◎ロシア軍はウクライナ軍のルハンシク州内の最後の拠点とされるセベロドネツクと対岸の都市リシチャンスクに総攻撃を仕掛けている。
ウクライナ東部ルハンシク州のガイダイ(Sergiy Gaiday)知事は24日、ロシア軍の猛攻にさらされていた同州セベロドネツクのウクライナ兵をより強固な陣地に撤退させていると明らかにした。
ルハンシク州のウクライナ軍はアゾト化学工場に拠点を置き、ロシア軍と一進一退の攻防を繰り広げている。同工場地下には市民数百人も身を寄せている。
ロシア軍はウクライナ軍のルハンシク州内の最後の拠点とされるセベロドネツクと対岸の都市リシチャンスクに総攻撃を仕掛けている。
ガイダイ氏はルハンシク州の95%をロシア軍に奪われたと見積もっている。ロシアと親ロシアのテロ国家は同州の西に位置するドネツク州への攻勢も強めている。
ガイダイ知事はAP通信のインタビューの中で、「ウクライナ軍は損失を抑えるためにセベロドネツクを離れ、より強固な要塞に移動している」と説明した。
ルハンシク州政府の報道官もテレグラムに、「撤退はすでに始まっており、数日かかる」と投稿している。また報道官は、政府の方針により、撤退任務の詳細は明らかにできないとした。

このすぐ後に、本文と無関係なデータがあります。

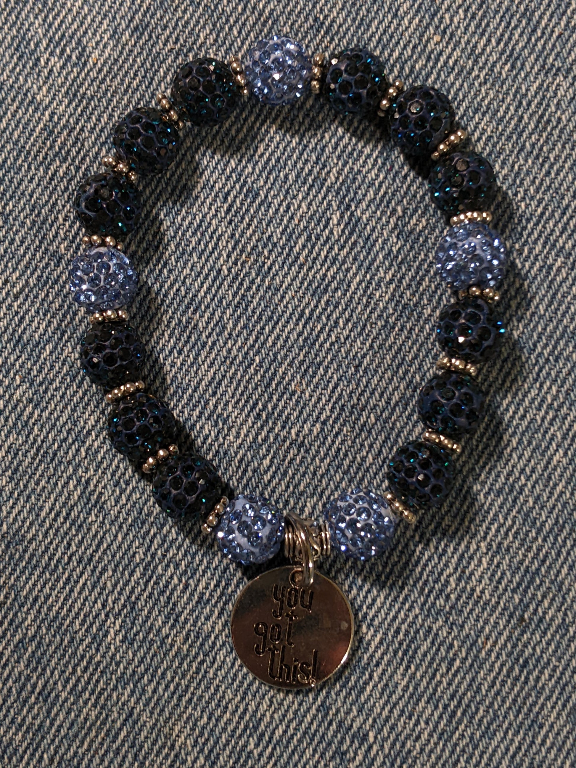 This is a stretchy bracelet with a silvertone charm that says "You Got This". The beads are different shades of blue with silvertone spacer beads.
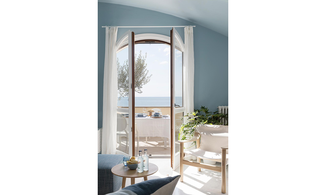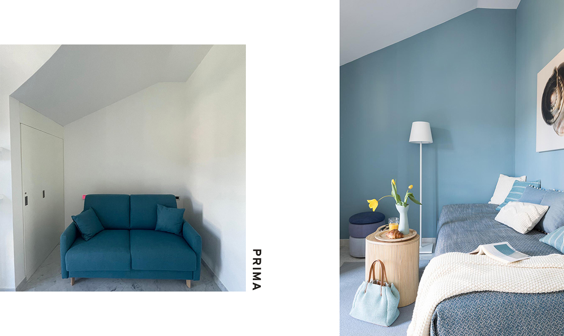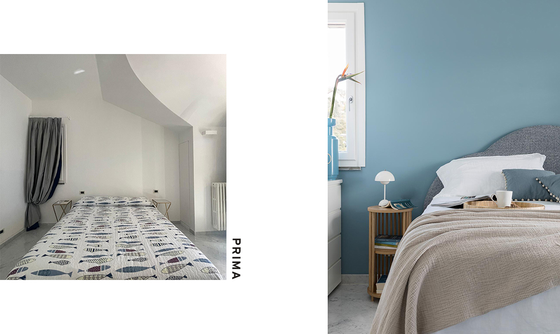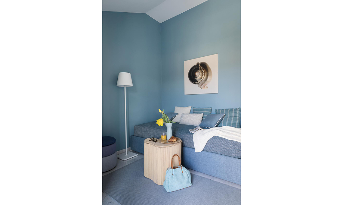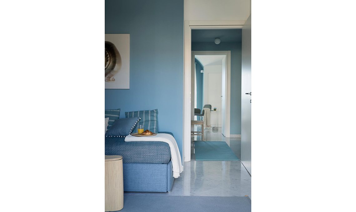 «Per risolvere il problema del contenimento ho fatto realizzare nuovi armadi su misura e riorganizzato gli interni di quelli esistenti: ora quasi nulla è lasciato a vista e si ha sempre un senso di ordine e relax» spiega la stylist. «Poi sono passata allo stile. Se, come in questo appartamento, la vista del mare che ‘tocca’ il cielo è protagonista, è naturale giocare con la palette degli azzurri. Nelle case al mare è una scelta quasi scontata, ma perché non venisse percepita come fredda e quindi poco accogliente l’ho abbinata a mobili in rovere e faggio, con nuance che ricordano la sabbia, e a tessili e carte da parati a trama grossa: le texture materiche trasmettono una sensazione di morbidezza e di autenticità».
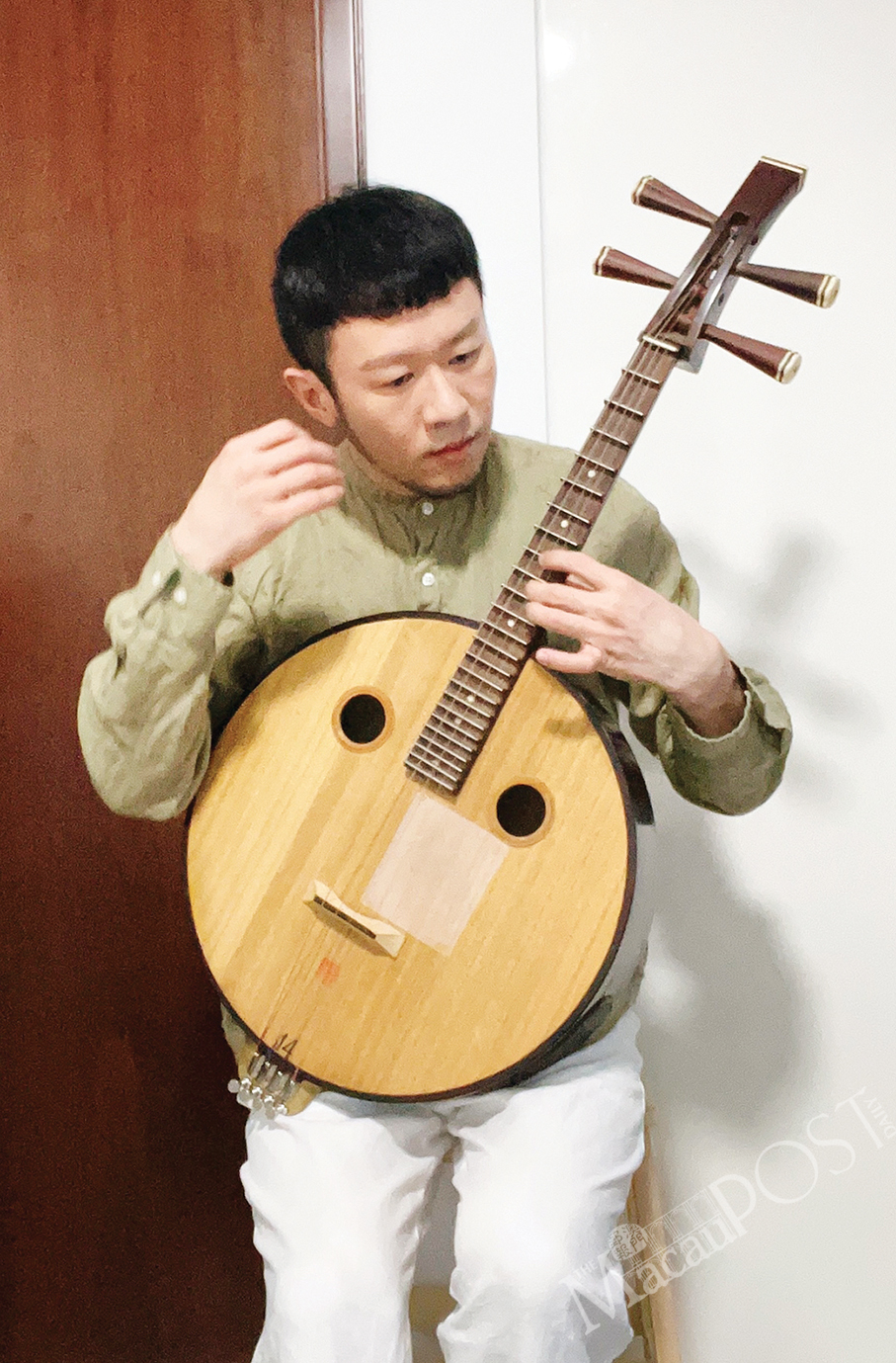 Xie Bowen poses with his Huqin during an online session on July 20.

ガイダイ氏は、「遺憾ながら、セベロドネツクから部隊を撤退させなければならない」と述べた。「廃墟になった領土に留まる意味はないと判断したのです。戦死者は増え続けています...」
米ABCニュースは国防総省高官の話を引用し、セベロドネツクからの撤退を「戦術的逆行」と説明した。この高官によると、ウクライナ軍はより狭い陣地にロシア軍を誘い込もうとしているという。
ガイダイ氏はロシア軍の砲撃でセベロドネツクの建物のおよそ8割が破壊されたと説明した。「我が軍は反撃を続けながら撤退しています。ロシア軍の砲撃は容赦なく、街は焼き尽くされました...」
ガイダイ氏によると、ロシア軍はリシチャンスクへも進軍しており、偵察部隊が街の外れに侵入したが追い払うことに成功したという。
ガイダイ氏は「リシチャンスクにつながる橋は半壊しており、トラックを使用できなくなった」と説明した。また、セベロドネツクから撤退する部隊の一部はリシチャンスクの部隊に合流する予定だという。
ロシア国防省は24日、4つのウクライナ軍大隊と外国人傭兵部隊、合計約2000人をリシチャンスクの南でくぎ付けにしたと発表している。
ゼレンスキー(Volodymyr Zelensky)大統領は火力で優位に立つロシア軍と渡り合うためにはより強力な重火器が必要と西側諸国に呼びかけている。
ウクライナ政府は米国の長距離ロケット砲システム「ハイマース」が到着したと23日の声明で発表したが、前線に配備したかどうかは明らかにしていない。
AP通信は米国防総省高官の話を引用し、「多くのウクライナ兵がハイマースの取り扱い訓練を国外で受けており、7月中旬には追加のハイマースを持ってウクライナに戻る予定」と報じている。